The language State’s Attorney Mosser uses is misleading, paternalistic, and offensive. For example, she says:
It was introduced with no opportunity for those of us, who have made the pursuit of justice our profession, to be a part of the discussion.
State’s Attorney Mosser goes on to use scare tactics by saying:
What follows is a list of examples of the dangers of what has been created as part of this House Bill. (emphasis added)
And then she also writes that the legislation was introduced
…with the hopes that it could be forced through with little to no debate.
The Black legislators representing predominantly Black communities that have been over-policed for decades and have suffered the greatest as a consequence of systemic racism, coupled with community organizers and attorneys who have been on the frontlines of criminal justice reform for upwards of 5 decades, were involved in this debate. This debate did not start last month or even last year. It’s been raging for centuries.
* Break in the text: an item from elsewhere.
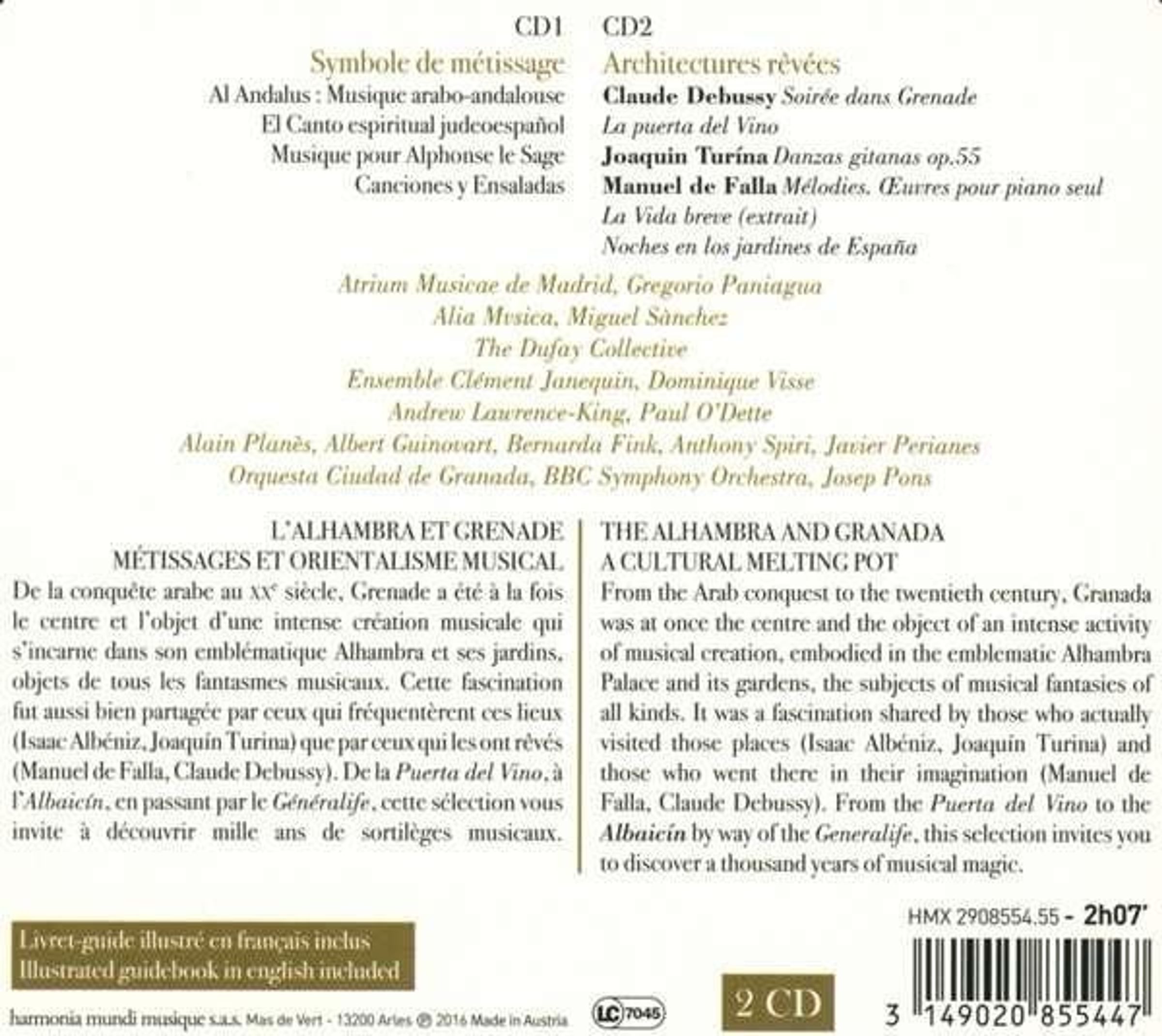 Diese Faszination teilte sich sowohl mit jenen, die diese Orte tatsächlich besuchten (Isaac Albéniz, Joaquín Turina), als auch mit jenen, die sie in ihrer Fantasie bereisten (Manuel de Falla, Claude Debussy). Von der Puerta del Vino über den Generalife bis zum Albaicín lädt diese Auswahl dazu ein, tausend Jahre musikalischer Magie zu entdecken.

I want to believe that she is a reformer. This letter says something very different about her. At best she is one of those that Dr. King decried nearly 60 years ago in his “Letter from a Birmingham Jail” when he described those who counseled Black people to WAIT. And this is the tactic she takes right after being elected. What happened to the political capital of the victor? If you ran on a reform agenda, how can you explain this back-tracking just weeks into office?
The goal here is to galvanize public pressure to convince State’s Attorney Mosser that she has to walk the walk of criminal justice reform. The next election is 4 years away and a lot of lives will be impacted between now and then.
We need State’s Attorney Mosser to succeed as a reformer.
Feel free to share you own opinions on the positions staked out in this letter. It is full of misinformation, in some instances it uses extreme examples without considering the context of historical facts that precipitated the reform provisions, and in some instances it simply (and appallingly) fails to make sense.